Here are the key changes employers should be aware of:

  • “Employer” definitions: Previously, sexual harassment protections only applied to employers that had 15 or more employees for at least 20 weeks out of the year. The revised Texas Labor Code defines an employer for these purposes as having one or more employees. This means small businesses under the previous 15-person threshold must implement policies or handbooks that prohibit sexual harassment and develop complaint and investigation procedures.
  • Longer statutes of limitations: Sexual harassment claims now have a longer statute of limitations, increasing from 180 days to 300 days from the date of the alleged harassment incident for conduct that occurs after September 1, 2021.

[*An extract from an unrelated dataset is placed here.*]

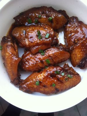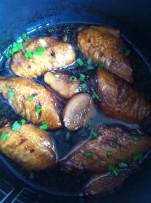 炖至汁水收的差不多而鸡翅根颜色也上得差不多的时候翻一下,也可撒上切好的绿葱点缀,就可出盘

  • Duty to remedy: Under previous rules, employers could be liable for coworker harassment if the employer knew or should reasonably have known the harassment was occurring and failed to take proper action. The new law says employers commit unlawful practices if sexual harassment occurs and the employer, supervisors or agents knew (or should have known) the conduct was occurring and failed to take immediate and appropriate action to correct the issue.

All employers should take the time to review their sexual harassment policies and update where needed, with an eye on compliance for these changes to the state’s rules.